Malay Sketches – Sir Frank Swettenham (1913)

S$250.00

Malay Sketches – Sir Frank Swettenham (1913)

S$250.00

Title: Malay Sketches
Author: Sir Frank Athelstane Swettenham
Publisher: John Lane, The Bodley Head, 1913. Fourth edition.
Condition: Decorative cloth. Fair. Noticeable wear to cover, “London Literary Lounger” sticker to endpaper. Rough cut edges. Slight foxing. Binding tight, text unmarked.

About Frank Swettenham (from Wikipedia):

Sir Frank Athelstane Swettenham GCMG CH (28 March 1850 – 11 June 1946) was the first Resident General of the Federated Malay States (part of the then Royal Colonies, now independent Malaysia) which was formed by combining a number of sultanates. He served from 1 July 1896 to 1901. He was also an amateur photographer. He was born in Belper, Derbyshire,Britain.

He was one of close to forty former British empire officials to actually oppose the Malayan Union.

He created a dictionary “Vocabulary of the English and Malay languages”. He also published two books “Malay Sketches” and “Unaddressed Letters”.

Swettenham was a British colonial official in British Malaya, who was famous as highly influential in shaping British policy and the structure of British administration in the Malay Peninsula.

In 1871 Swettenham was first sent to Singapore as a cadet in the civil service of the Straits Settlements (Singapore, Malacca, and Penang Island). He learned the Malay language and played a major role as British-Malay intermediary in the events surrounding British intervention in the peninsular Malay states in the 1870s.

He was a member of the Commission for the Pacification of Larut set up following the signing of the Pangkor Treaty of 1874 and he served alongside John Frederick Adolphus McNair, and Chinese Kapitan Chung Keng Quee and Chin Seng Yam. The Commission was successful in freeing many women taken as captives during the Larut Wars (1862–73), getting stockades dismantled and getting the tin mining business going again.

More than a decade later, in 1882, he was appointed as resident (adviser) to the Malay state of Selangor. In Selangor office, the development of coffee and tobacco estates had successfully promoted by him, while in the meantime, helped boost tin earnings by constructing a railway from Kuala Lumpur (it was capital of Selangor at that time), to the port of Klang, which was later named Port Swettenham in his honour.

He attended the federation, along with the title of resident-general after he secured an agreement of federation from the states of Perak, Selangor, Negri Sembilan, and Pahang in 1895, when he was a resident of Perak state. In 1897 he was knighted by Queen Victoria, and in October 1901, three years before his retirement, he was appointed Governor and Commader-in-Chief of the Straits Settlements.

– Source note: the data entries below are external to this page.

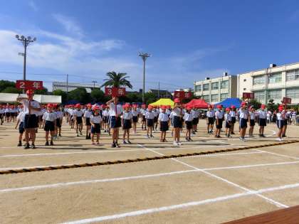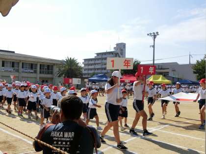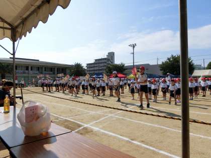 国旗・校旗を先頭に、力強い6年生から、可愛い1年生まで、赤白に分かれての入場行進です。
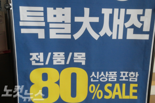 지갑에서부터 양복, 스포츠의류, 모피, 아웃도어 제품들이 진열된 매장에는 '신상품을 포함해 전 품목 50%~90% 대할인'이라고 적혀 있는 화려한 현수막이 곳곳에 걸려 있어 여느 '창고 비우기 할인행사'나 별 차이가 없어 보였다.
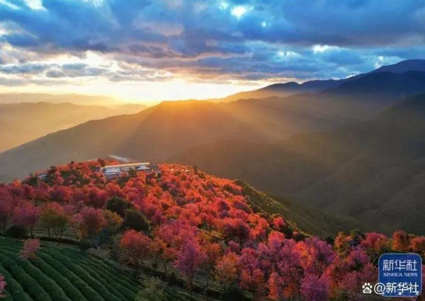 1月1日,位于云南省大理白族自治州南涧彝族自治县的无量山樱花谷迎来2024年第一缕阳光(无人机照片)。新华社
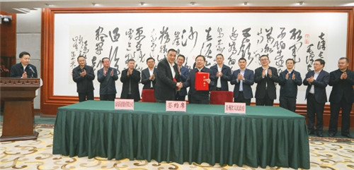 图为贵州省委常委、常务副省长秦如培和康美药业董事长、总裁马兴田,分别代表贵州省和康美药业签署战略合作协议。
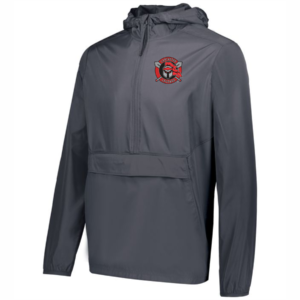 100% Softex™ polyester, wind & water-resistant, packs into its own front pouch pocket with zipper closure and self-fabric loop for easy packing on the go — embroidered logo left chest and full back
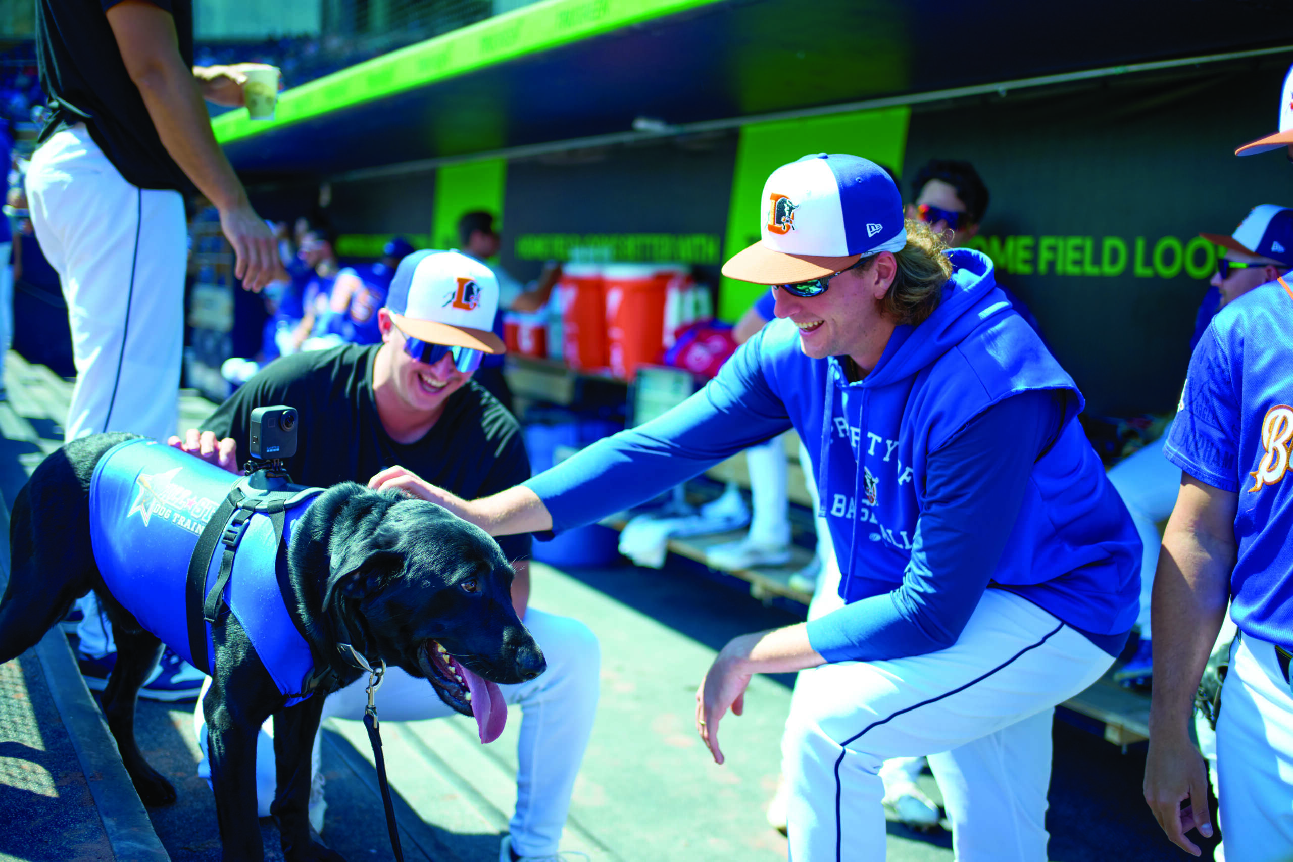 O’Donnell speaks from experience. His dog, Ripken, was the official bat dog of the Durham Bulls and the official kicking tee retriever for North Carolina State University’s football team. After Ripken’s passing in January, his brother Champ took over the role. At two, Champ is thriving in the spotlight in front of thousands of fans in the stadiums. It’s incumbent upon O’Donnell to make sure Champ is engaged when he’s working, and that means really focusing on his mental activity.

Through Swettenham’s huge efforts to convince that the British Foreign Office reversed its policy of accepting Siamese control of the northern tier of Malay states. His portrayal of their maladministration under native rulers and his warnings of possible intervention by rival European powers led to British penetration of those states in the early 1900s.

About Malay Sketches:

In 22 Chapters, Frank Swettenham gives us a vivid account of Malay life in the late 19th century. Mostly accounts of his residency in Perak, it reads more like a travel journal than an official, scientific or anthropological account, although it cannot be considered a travel journal. As Frank Swettenham himself states in his preface:

“This is not a book of travels, nor is it, in even the smallest sense, the record of a traveller’s experiences in a foreign land. It is a series of sketches of Malay scenery and Malay character drawn by one who has spent the best part of his life in the scenes and amongst the people described.

…The traveller will come in time, and he will publish his experiences of Malaya and the Malays; but while he may look upon the country with a higher appreciation and paint its features with a more artistic touch, he will see few of those characteristics of the people, none of that inner life which, I make bold to say, is here faithfully portrayed.”